A further rupee depreciation would make India's equity returns in dollar terms worse even if nominal Nifty levels hold steady. For a foreign fund calculating returns in dollars, a flat Nifty alongside a 5% rupee depreciation produces a negative return. That arithmetic matters.
If domestic SIP inflows slow for any reason, perhaps due to a domestic economic shock or households pulling back on investments, the DII buffer that has been holding markets up would weaken precisely at the moment FPI selling has not yet reversed.
The 2026 FPI exodus is not a story about India losing its long-term investment case. It is a story about a difficult external environment colliding with elevated valuations at a bad moment. Whether that becomes a permanent re-rating or a temporary dip depends almost entirely on what happens to oil, the dollar, and the war.

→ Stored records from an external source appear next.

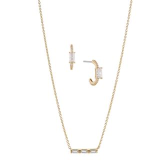 Nadri - Hoop Earrings and CZ Bar Necklace Gold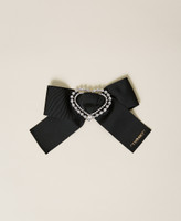 Spilla a fiocco in gros-grain con dettaglio di cuore con strass e placchetta logo sul fondo.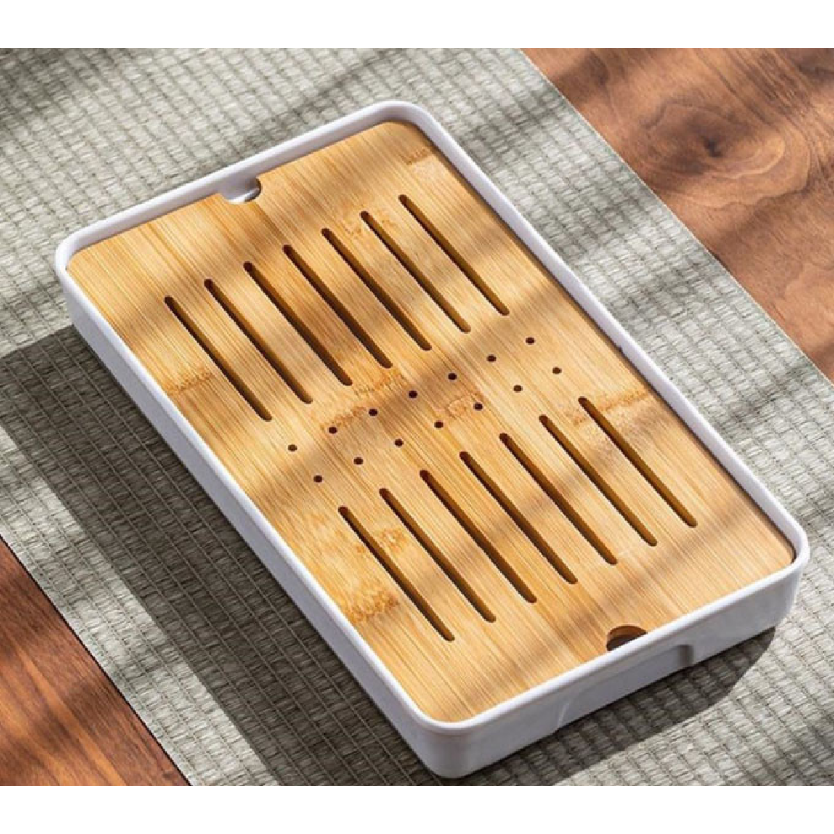 Чабань прямокутний Смужка пластик + бамбук Білий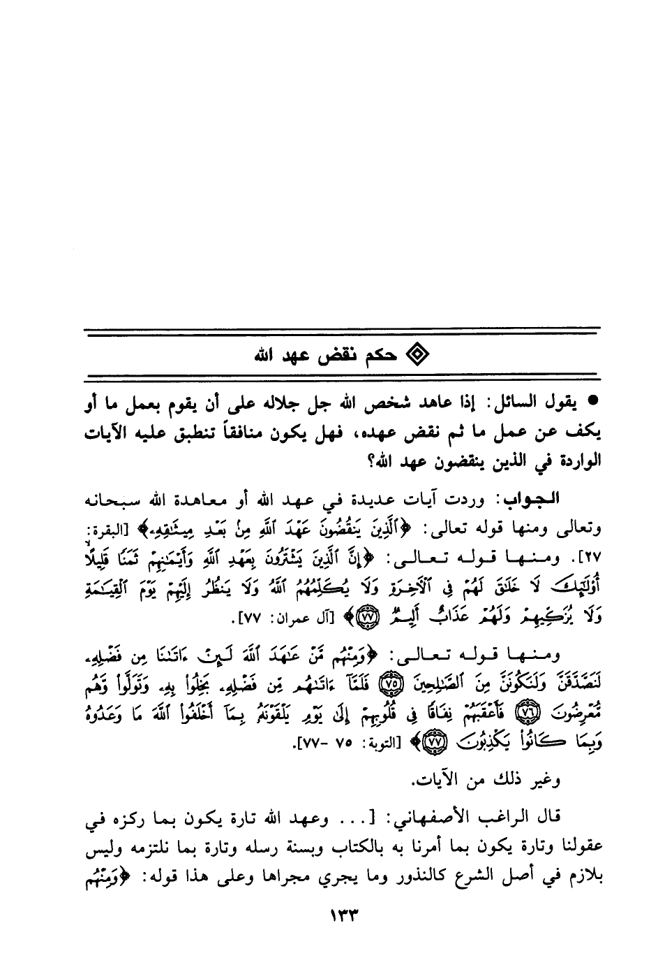 قال الراغب الأصفهاني: [. وعهد الله تارة يكون بما ركزه في عقولنا وتارة يكون بما أمرنا به بالكتاب وبالسنة رسله وتارة بما نلتزمه وليس بلازم في أصل الشرع كالنذور وما يجري مجراها وعلى هذا قوله: (وَمِنْهُمْ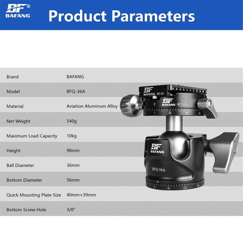 - High compatibility: BF BAFANG ball head tripod head with 1/4 inch thread and removable quick release plate for all SLR cameras. The lower 3/8 screw holes can be mounted tripod heads on tripod, monopod or camera slider.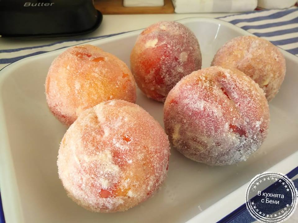 Прасковите измих добре. Подготвих си малка тава. Всяка праскова намазах обилно с меко масло. След това ги овалях в захар и ги подредих в тавата.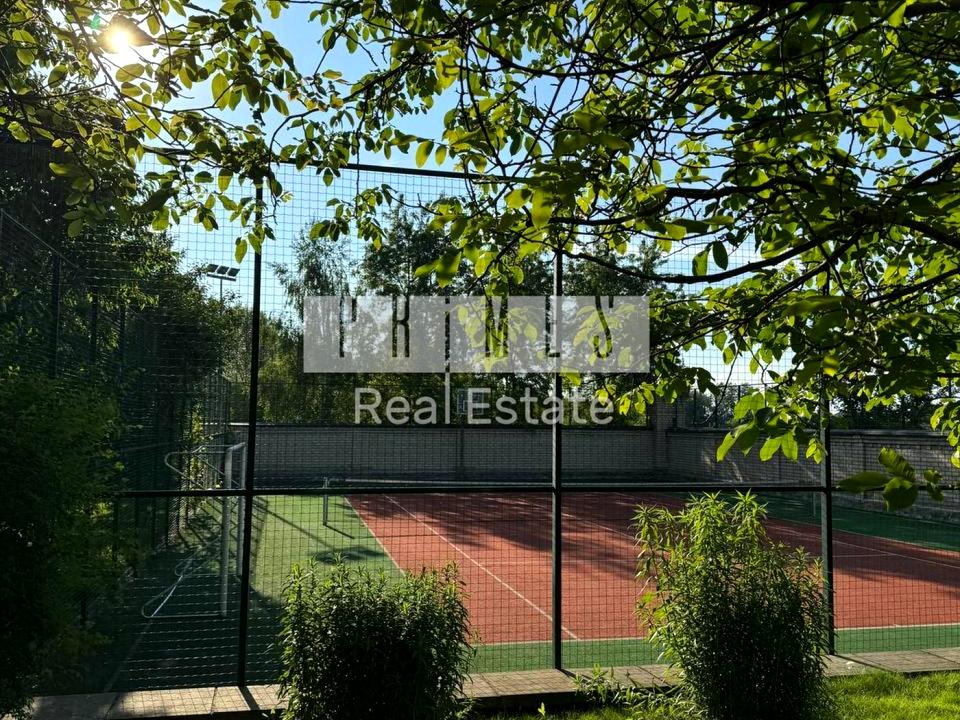 На территории есть - теннисный корт, бассейн с подогревом, баня, беседка, гараж и здание для охраны.

Frequently Asked Questions
How much have FPIs sold in India in 2026?
FPIs pulled out approximately Rs 2.2 lakh crore (around USD 30.6 billion) from Indian equities by early June 2026, the largest annual outflow since India opened to foreign portfolio investment in 1993.
Why are FPIs selling Indian stocks in 2026?
The main drivers are the West Asia conflict raising crude oil prices, a strong US dollar attracting capital back to safe assets, elevated US bond yields, India's relatively high market valuations, and global capital rotating toward AI-linked opportunities in Taiwan and South Korea.
What has FPI selling done to their ownership in India?
FPI aggregate ownership dropped to a 14-year low of 14.7% by mid-2026. Domestic institutional investors now hold 18.9% of the market, surpassing FPIs for the first time in over a decade.
Have DIIs been buying as FPIs sell?
Yes. In May 2026, DIIs injected Rs 82,668 crore while FPIs pulled out Rs 55,963 crore. Monthly SIP contributions hit a record of around Rs 32,000 crore, giving domestic funds the firepower to absorb foreign selling and prevent a sharper market decline.
What does record FPI outflow mean for Nifty 50?
Record outflows have kept Nifty well below its September 2024 all-time high of 26,277. Strong DII buying has cushioned the fall. Markets are likely to remain in a range until a clear positive catalyst, such as a resolution to the West Asia conflict or a fall in crude oil prices, emerges to shift FPI sentiment.